Um outro conto que utiliza essas sutis estranhezas da forma é o Tigre-de-Bengala, no qual, ao em vez de uma sucessão cronológica de eventos, somos lançados entre várias conversas de uma mesma personagem que perdeu seu vibrador em um barco enquanto viajava com o marido. No vai e vem das conversas que alternam muito rapidamente entre diferentes espaços nunca totalmente claros, o resultado é uma colagem de cenas que, para mim, consegue aquilo que Julio Cortázar dizia ser objetivo de todos os contos: nocautear o leitor.
A presença de um bom elenco de personagens, em especial as mulheres que destaquei, torna-se um elemento ainda mais importante do livro, tendo em vista o recente crescimento do debate sobre se a literatura seria realmente capaz de colocar-nos no lugar do outro. Penso na quantidade de péssimos exemplos de livros, por vezes dos autores mais renomados, com personagens construídas a partir de estereótipos que validam os mais variados preconceitos. Diante desta selva, como diz a epígrafe de Paulo Henriques Britto, Formigas no paraíso parece um livro preocupado com as questões éticas implicadas no fazer literário, e as transforma em algo formalmente interessante, no fim das contas.
Se, por um lado, deixa evidente que a solução não pode ser a de ignorar o problema de escrever o outro, fingir que o potencial de livros para reproduzir noções preconceituosas e carregadas de violência não existe; por outro, tenta construir seu relicário, encontrar um caminho para a escrita.
O conto, neste sentido, me parece uma decisão muito acertada para o livro de estreia de Baldi. Algo da sensação que tive ao longo da leitura de Formigas no paraíso era parecido com aquilo que senti lendo o segundo livro do escritor gaúcho Tobias Carvalho, Visão noturna, publicado pela Todavia no fim de 2021. Isso ocorre, mais especificamente, na quebra de expectativa entre seu primeiro livro As coisas – um conjunto de 23 textos focados na vida, mas principalmente na experiência amorosa, de jovens gays, vencedor do Prêmio Sesc de Literatura em 2018 – e esse segundo, um conjunto de apenas quatro narrativas um tanto estranhas entre si, mas que têm em comum os sonhos como um elemento central. Não se trata de elogiar o primeiro por sua honestidade ou por sua atenção maravilhosa aos detalhes, nem o segundo por sua inventividade de cabo a rabo. Mas penso que nesse movimento de circular entre diferentes temas e distintas maneiras de abordá-los, é possível notar algo que é comum entre esses dois escritores mais ou menos da mesma idade que começaram a publicar livros no Brasil.

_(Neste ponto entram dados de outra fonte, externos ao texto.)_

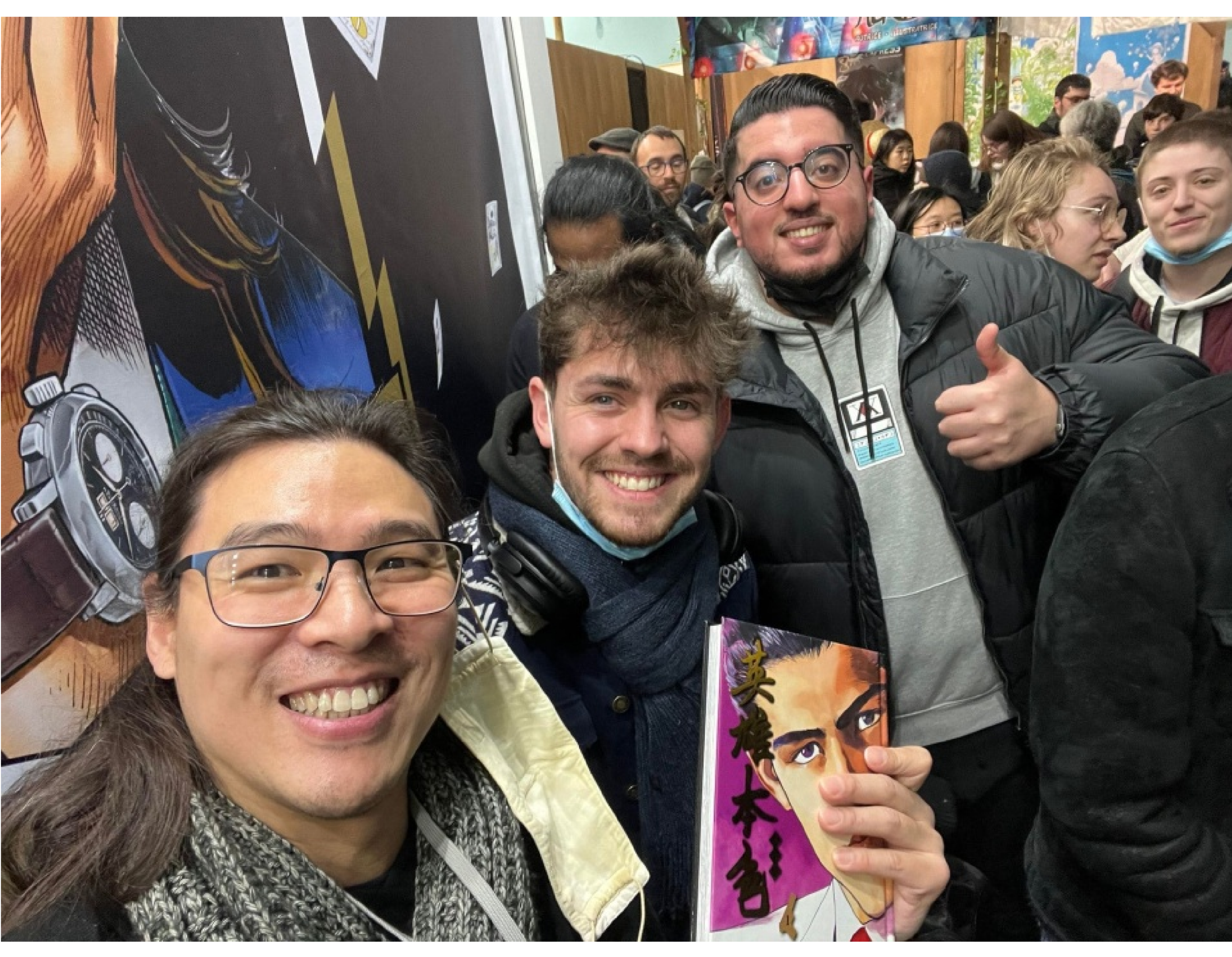
筆者與法國漫畫迷一起等候索取池上遼一老師簽名。

漫畫節主辦方為隆重其事，請來日本昭和、平成、令和時代的幾位代表漫畫家擔任嘉賓，並舉辦原畫展和大師班。他們分別是劇畫殿堂級漫畫家池上遼一老師、恐怖大師伊藤潤二老師、《進擊的巨人》作者諷山創老師，此外，又向幾位漫畫家頒獎致敬。筆者參與了其中一場大師班，發現屬前輩級的池上也一老師依然吸引不少年輕讀者，他們對於老師的分享表現得非常雀躍。

Dito tudo isso, acho que é importante mencionar que, se parte dos contos de Formigas no paraíso são muito bons, há também outros que passam a impressão de acabar rápido demais, que têm elementos interessantes, mas aos quais parece faltar algo que os faria memoráveis. Por vezes, esses contos aos quais me refiro passam a impressão de serem quase estudos do escritor para a encenação de algumas personagens ou, talvez, pedaços de histórias maiores aguardando serem escritas.
No entanto, creio que ao falar sobre um livro de estreia é justo olhar com mais atenção para os pontos mais altos. Pois, com eles, há também uma promessa do que pode vir por aí. Criticar o primeiro livro de alguém dizendo que o problema dele é ser rápido, reclamar das personagens que você desejaria saber mais sobre, implica em uma curiosidade com aquilo que o autor escreverá no futuro.